I mean we signed in December an MoU, so we're looking to explore opportunities to work together and develop investment opportunities together with them. So obviously, the leading pipeline operator in Italy and elsewhere, so we feel they were good partner. You've seen a very active in clean hydrogen, green hydrogen. The -- as it happens, I think, there was an investment in ITM as well there. So they're very much looking at clean, green hydrogen opportunities. We feel we got good opportunities to work with and without capabilities, both engineering as well as expertise around handling hydrogen and using hydrogen. So we're looking at several projects today around trains and buses, in particular, in Italy, which we think will be of interest. And there are other projects at larger scale, which are early in development. But I think Snam is a great partner.
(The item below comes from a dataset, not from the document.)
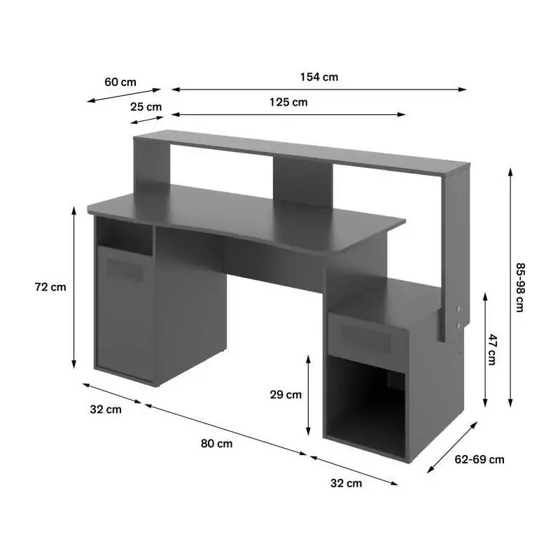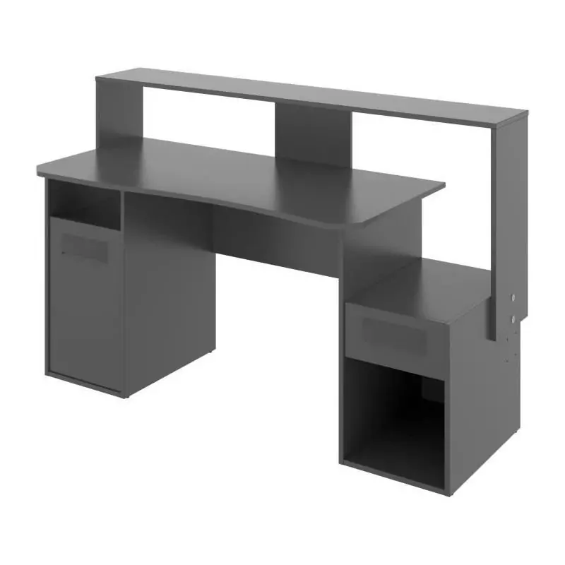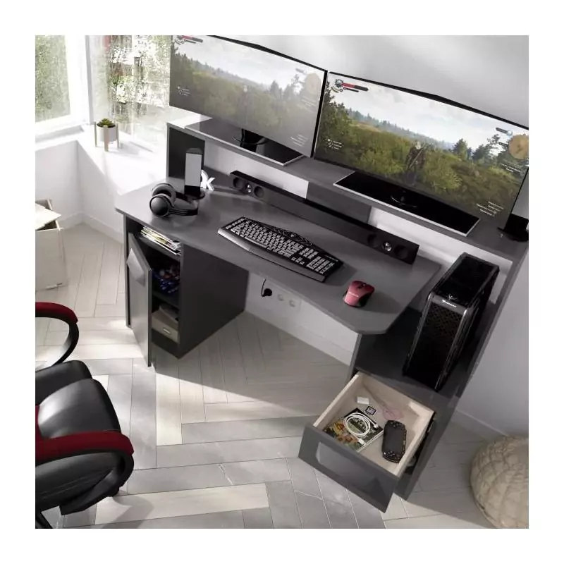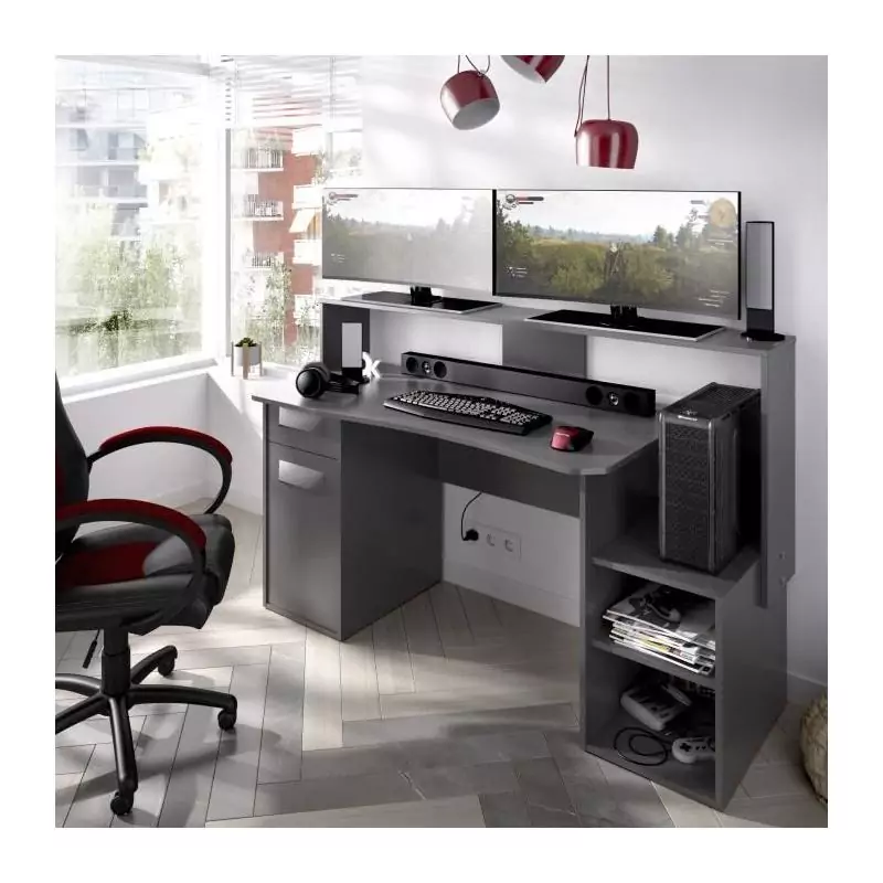 La couleur graphite du bureau ajoute une touche d'élégance à votre espace de jeu, idéale pour créer une atmosphère immersive. Sa structure solide et robuste garantit une stabilité optimale pendant vos sessions de jeu intenses.

And the kind of partner we're looking to work with. When I mentioned earlier, we're looking for finding good partners around the world. Snam is kind of the partner we're looking for, and we're looking for partners obviously not just in that space, but also in with OEMs, renewables, data centers. So we're looking across the spectrum of who can we partner with where our skills and capabilities are complimentary to what partner or the customer is in that case. So Snam is a good example of that.

Steve Byrne

analyst
#36

Okay. Another one that you mentioned was the Ontario, California plant where you're converting to blue. I was curious, who are your customers that are interested in purchasing blue? Are these existing gray customers that want to go blue or these -- are these incremental customers?

David Burns

executive
#37

Well, California kind of led the way. It was kind of on the low income fuel standards and is pushed to really clean up emissions around from mobility, et cetera. For many years, they've been pushing hydrogen fueling as part of the zero emission vehicles, et cetera. So there's a quite a few fueling stations in California, many of which or most of which we supply through our fuel tech. We have Linde hydrogen fuel tech, which provides fueling systems for vehicles, cars, buses, trucks, all the way up to trains, where we can take liquid and put gas on board or take gas on board, high pressure gas. So there's actually quite a developing infrastructure in California for clean hydrogen, blue and green, and so lot of that hydrogen is going to support that. There was -- there's some other customers outside of California, who were also looking to clean up as well, but use clean hydrogen. Some big names out there, who we are taking hydrogen today. So that was part of building the capabilities to support that growth and those kind of customers. And we're looking to do more of that as the market continues to grow, especially in the U.S. as under the new administration we're looking potentially a lot more investment, a lot more stimulants, many coming available to grow clean hydrogen outside of California, and we're looking to participate in that as well.

Steve Byrne

analyst
#38

David, there's a whole lot more we can talk about. We didn't even get to China yet or Korea. But I think we've run out of time. But anyway, listen, hey, appreciate your joining us today. Thanks for the update and look forward to catching up with you again on this. But our best to you, okay?

David Burns

executive
#39

And to you. Thank you very much. Thanks for the opportunity. Thank you, Steve. Bye-bye.